Call this matrix $A_B$. By definition, $A_B$ is the matrix such that: if you give it the $B$-coordinates of a vector $\mathbf{v}$, it produces the $B$-coordinates of $T(\mathbf{v})$.

Here is how to compute it. Work out what must happen step by step:

  1. You start with $[\mathbf{v}]_B$, the $B$-coordinates of $\mathbf{v}$.
  2. Convert to standard coordinates: multiply by $P$, getting $\mathbf{v} = P[\mathbf{v}]_B$.
  3. Apply $T$ in standard coordinates: multiply by $A$, getting $A\mathbf{v} = AP[\mathbf{v}]_B$.
  4. Convert the output back to $B$-coordinates: multiply by $P^{-1}$, getting $P^{-1}AP[\mathbf{v}]_B$.

The matrix that takes $[\mathbf{v}]_B$ and produces $[T(\mathbf{v})]_B$ is therefore: $$\boxed{A_B = P^{-1}AP.}$$

Discomfort check. Why $P^{-1}AP$ and not $PAP^{-1}$? The order looks backwards. The key is that matrix multiplication reads right-to-left: when you write $P^{-1}AP$, the rightmost $P$ acts first. Step by step: $P$ converts from $B$ to standard, then $A$ applies the transformation in standard, then $P^{-1}$ converts back to $B$. So the order of operations (left to right in time) is $P$, then $A$, then $P^{-1}$ - which in matrix notation is written $P^{-1}(A(P [\mathbf{v}]_B))$, i.e., $P^{-1}AP$ acting on $[\mathbf{v}]_B$. If it helps, say it aloud: “undo-$B$ first, then standard transformation, then go back-to-$B$.”

A Worked Example

Let $A = \begin{pmatrix} 2 & 1 \\ 0 & 3 \end{pmatrix}$ and basis $B = \left\{ \begin{pmatrix} 1 \\ 0 \end{pmatrix}, \begin{pmatrix} 1 \\ 1 \end{pmatrix} \right\}$.

The change-of-basis matrix is: $$P = \begin{pmatrix} 1 & 1 \\ 0 & 1 \end{pmatrix}, \quad P^{-1} = \begin{pmatrix} 1 & -1 \\ 0 & 1 \end{pmatrix}.$$

(Check: $PP^{-1} = \begin{pmatrix}1&-1\\0&1\end{pmatrix}\begin{pmatrix}1&1\\0&1\end{pmatrix}$… actually compute $P^{-1}P$: $\begin{pmatrix}1&-1\\0&1\end{pmatrix}\begin{pmatrix}1&1\\0&1\end{pmatrix} = \begin{pmatrix}1&0\\0&1\end{pmatrix}$. ✓)

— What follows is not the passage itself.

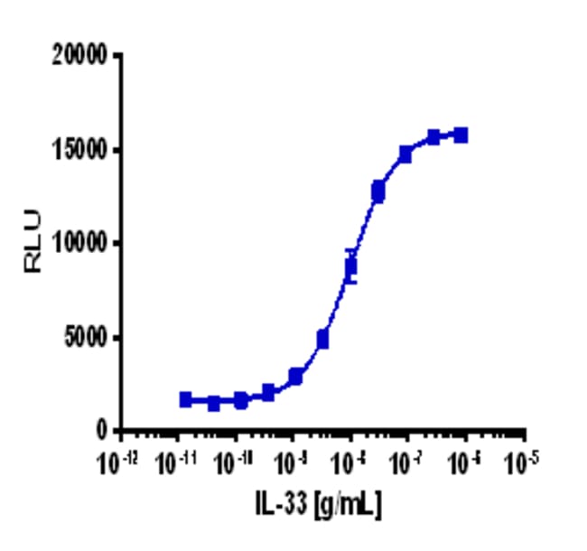 The PathHunter IL1RL1/IL1RAP Dimerization eXpress kit provides an easy-to-use cell based assay to study drug candidates (small molecules or biologics) targeting receptor-receptor interaction. This kit assesses ligand (e.g. IL-33) induced dimerization of IL1RL1/IL1RAP receptors. This product uses EFC technology. The cell line included overexpresses IL1RL1 target protein fused to PK alongside IL1RAP target protein fused to EA. Upon ligand-induced dimerization of IL1RL1/IL1RAP, detectable EFC signal is produced. eXpress kits are a convenient, ready-to-use format which contains all materials needed to run the assay, including single-use vials of cryopreserved cells, cell plating media, detection reagent, and assay plates. For detailed product information, User Manual and Datasheet, visit www.discoverx.com/express.

Now compute $A_B = P^{-1}AP$. First, $AP$: $$AP = \begin{pmatrix} 2 & 1 \\ 0 & 3 \end{pmatrix} \begin{pmatrix} 1 & 1 \\ 0 & 1 \end{pmatrix} = \begin{pmatrix} 2 & 3 \\ 0 & 3 \end{pmatrix}.$$

Then $P^{-1}(AP)$: $$P^{-1}AP = \begin{pmatrix} 1 & -1 \\ 0 & 1 \end{pmatrix} \begin{pmatrix} 2 & 3 \\ 0 & 3 \end{pmatrix} = \begin{pmatrix} 2 & 0 \\ 0 & 3 \end{pmatrix}.$$

The transformation $T$ with standard matrix $A = \begin{pmatrix}2&1\\0&3\end{pmatrix}$ is, in basis $B$, represented by the diagonal matrix $\begin{pmatrix}2&0\\0&3\end{pmatrix}$.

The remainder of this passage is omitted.